Quebec, Newfoundland and Labrador, and New Brunswick also experienced job losses, while other provinces remained relatively unchanged, with slight gains in Saskatchewan and PEI.

Also worrisome was a large decrease in manufacturing employment of 36,000, mostly located in Quebec and Ontario. Most manufacturing businesses have been able to stay open throughout the pandemic, and it is hoped that this most recent decline is just a temporary blip and not a trend.

The key reason for the very different U.S. employment performance is that the U.S. is so far ahead of Canada in the vaccination sweepstakes and, as a result, has able to open its economy much earlier and more broadly, while many Canadian provinces remain under various degrees of lockdown. Recent weeks have seen very commendable vaccine distribution performances by the provinces now that the federal government has finally been able to obtain sizeable quantities of vaccine, and over 70 per cent of eligible Canadians have now had their first shot.

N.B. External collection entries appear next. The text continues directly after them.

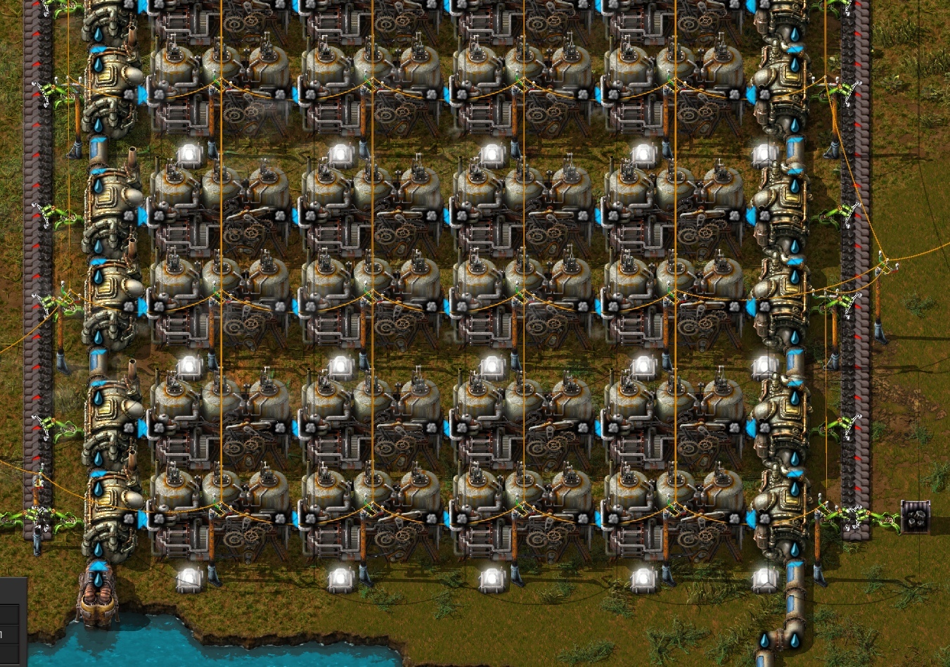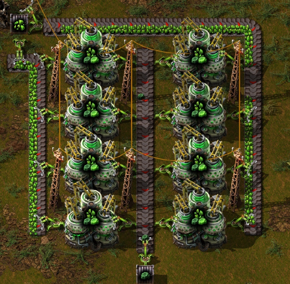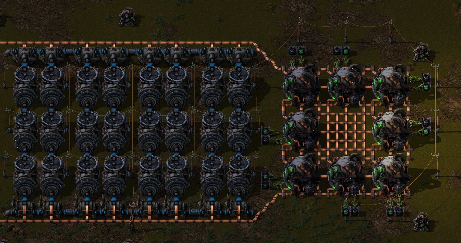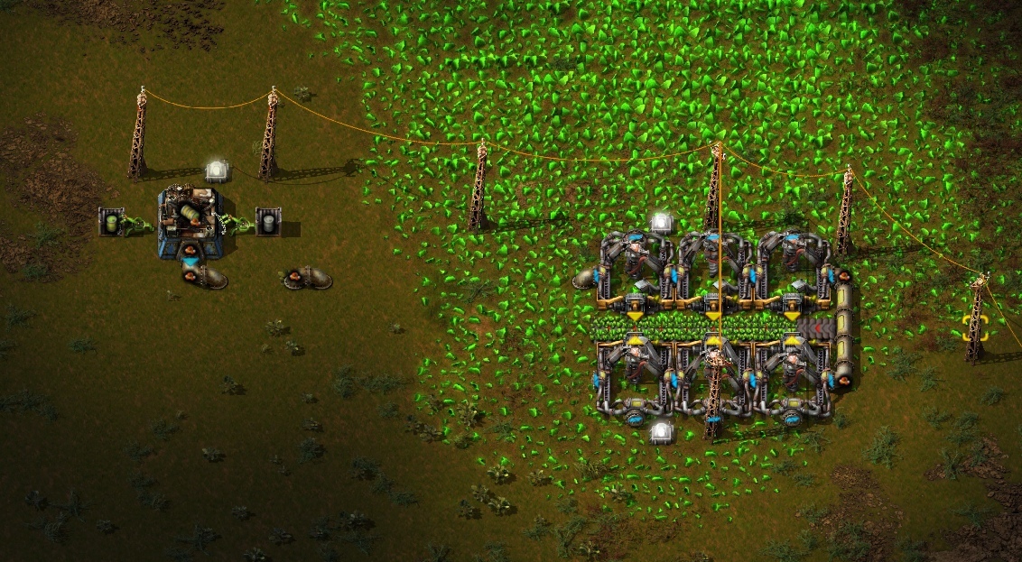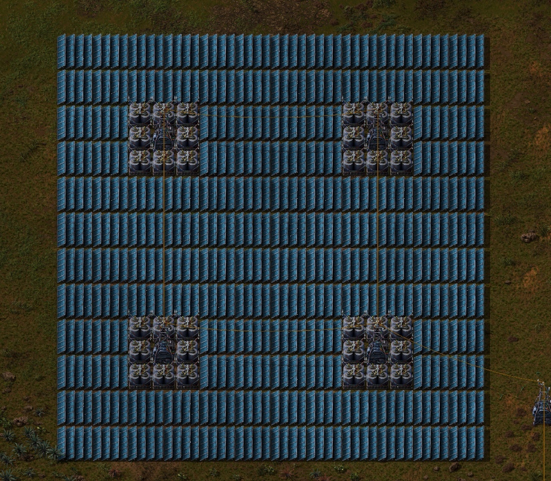 В общем и целом идеальную структуру мы можете наблюдать на скрине выше. С ней вы можете идти до конца игры. Просто копируя ее и увеличивая по мере потребностей(главное проверяйте что у вас происходит в потреблении, через опору лэп)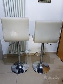Vendo coppia di sgabelli regolabili, con base cromata e seduta a poltroncina in eco pelle. Uno in buone condizioni, l'altro con seduta rovinata. A disposizione per ulteriori informazioni. Non spedisco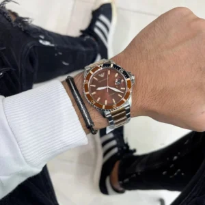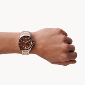 Zegarek Emporio Armani AR11340, znany również jako “Mario”, to elegancki czasomierz, który łączy klasyczny design z nowoczesnym stylem. Jego koperta wykonana jest ze stali nierdzewnej, brązowa tarcza kontrastuje z subtelnymi wskazówkami i indeksami w kolorze różowego złota. Zegarek posiada funkcję datownika, a jego subtelny wygląd sprawia, że jest idealny zarówno na co dzień, jak i na specjalne okazje. Dzięki wysokiej jakości materiałom, AR11340 to połączenie wyrafinowanego stylu i funkcjonalności.

However, only about 9 per cent of eligible Canadians to date are fully vaccinated, as vaccine supplies remain too limited to permit a rapid rollout of second shots. Last week, Canada’s senior public health officer, Theresa Tam, encouraged Canadians to get their second dose of vaccine as soon as possible to defend against the so-called Delta (or B.1.617) variant of the virus, which is the latest “variant of concern” showing up in Canada, this time from India. The Delta variant has been found to be particularly transmissible. The Pfizer and AstraZeneca vaccines have proven effective against this most recent worrisome variant, but only after two doses. Tam’s encouragement was pretty ironic, however, considering that many Canadians would love to get their second “jab” but continue to be thwarted by the poor performance of the federal government Tam represents in obtaining enough vaccine to fully vaccinate Canadians in a timely manner. A number of provinces are working to move up the timing of second doses, contingent of course on vaccine availability.

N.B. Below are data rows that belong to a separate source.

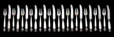 "Royal Danish" pattern, comprising twelve each dessert forks and knives. (24).
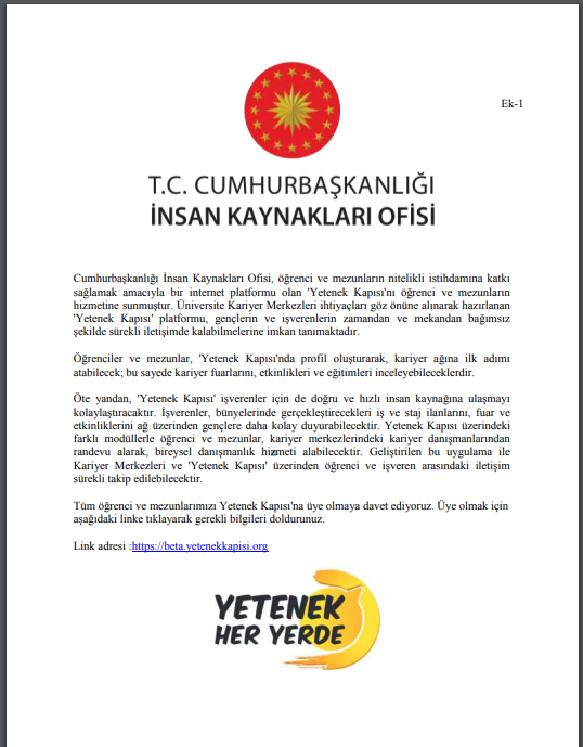 Cumhurbaşkanlığı İnsan Kaynakları Ofisi, öğrenci ve mezunların nitelikli istihdamına katkı sağlamak amacıyla bir internet platformu olan 'Yetenek Kapısı'nı öğrenci ve mezunların hizmetine sunmuştur. Link adresi için tıklayınız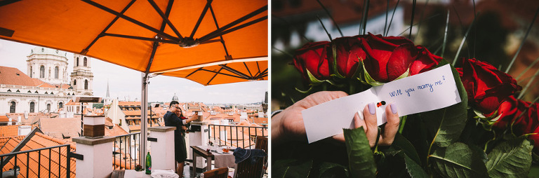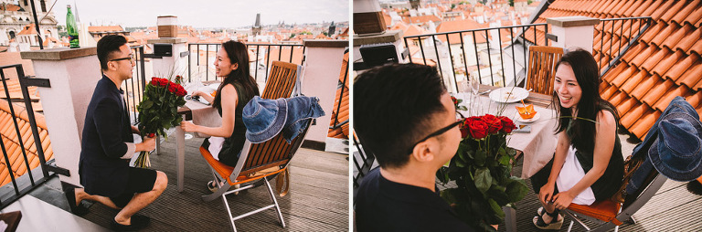 The June was full of surprise proposals. I captured them all over Prague. This is one of them tooka a place at the rooftop restaurant of Coda restaurant in Prague.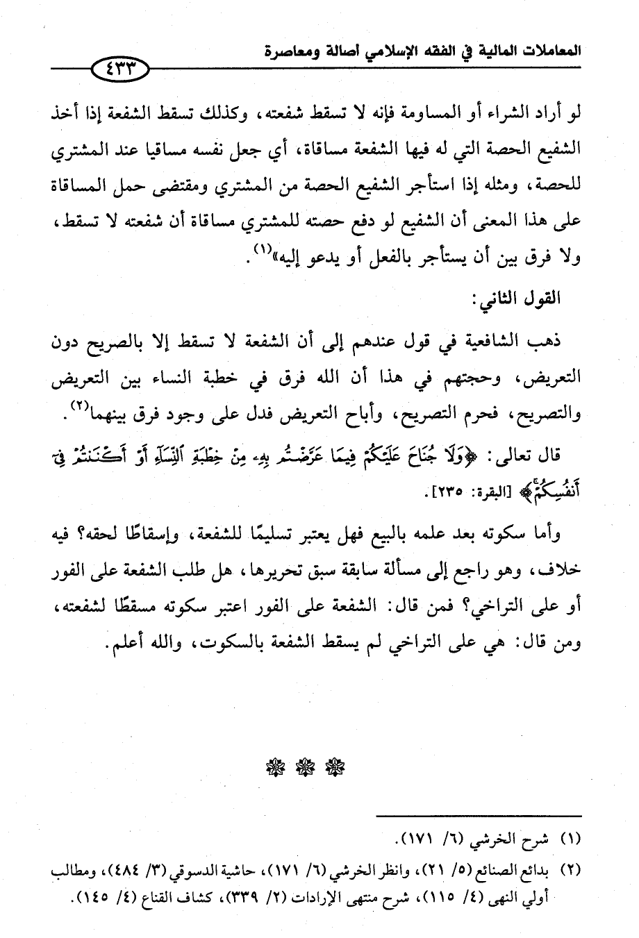 ذهب الشافعية في قول عندهم إلى أن الشفعة لا تسقط إلا بالصريح دون التعريض، وحجتهم في هذا أن الله فرق في خطبة النساء بين التعريض والتصريح، فحرم التصريح، وأباح التعريض فدل على وجود فرق بينهما (¬٢).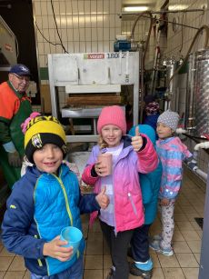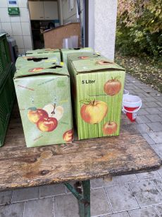 9. Den abgefüllten Apfelsaft durfen wir mit in die Schule nehmen. Der reicht bestimmt sehr lange.

Once the economy does finally open up again, a sharp improvement in the employment statistics and other economic data is anticipated. Consumers and businesses have a great deal of pent-up demand from not being able to spend for such a long period of time, and an enormous amount of money – all financed by debt – has been distributed to Canadians by government, leading to a very high level of savings at present. Some welcome news came out of the Ontario government early this week, as they announced patios and retail could open three days sooner than planned because of success in dampening new cases of the virus.

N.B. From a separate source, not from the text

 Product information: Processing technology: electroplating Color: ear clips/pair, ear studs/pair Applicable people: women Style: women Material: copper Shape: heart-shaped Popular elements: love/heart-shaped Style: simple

The real question is what will happen after the rebound boost is over post-pandemic. Most Canadians and governments were already relatively deep in debt prior to the COVID-19 crisis, and those debt levels are much worse now. Many businesses and the jobs they provide(d) are permanently shuttered and will not be coming back once the economy opens up again. Massive government spending and loose monetary policy have already shown up in increased inflation, and policies like the ever-increasing carbon tax have also boosted prices. The most recent Canadian inflation data for April 2021 showed a sharp increase to 3.2 per cent, the highest annual rate in almost a decade, largely driven by gasoline prices. It is no coincidence that the latest carbon tax increase clicked in on April 1.

Sky-high government debt levels also mean taxes will inevitably need to increase to pay off all that debt in the near future, further dampening economic growth. Anyone who believes the claim by federal Finance Minister Chrystia Freeland that the recent agreement of G7 countries to harmonize their corporate taxes at a minimum of 15 per cent will provide a bonanza of revenues to pay off government pandemic debts need to realize that corporate tax hikes are always passed on to consumers, employees and/or shareholders and will do nothing to solve our debt problems. All these factors point to a long and difficult recovery for Canadians, lasting a decade or more. As such, we should make sure to enjoy the relief of a re-opening economy and the return to a more normal lifestyle while it lasts.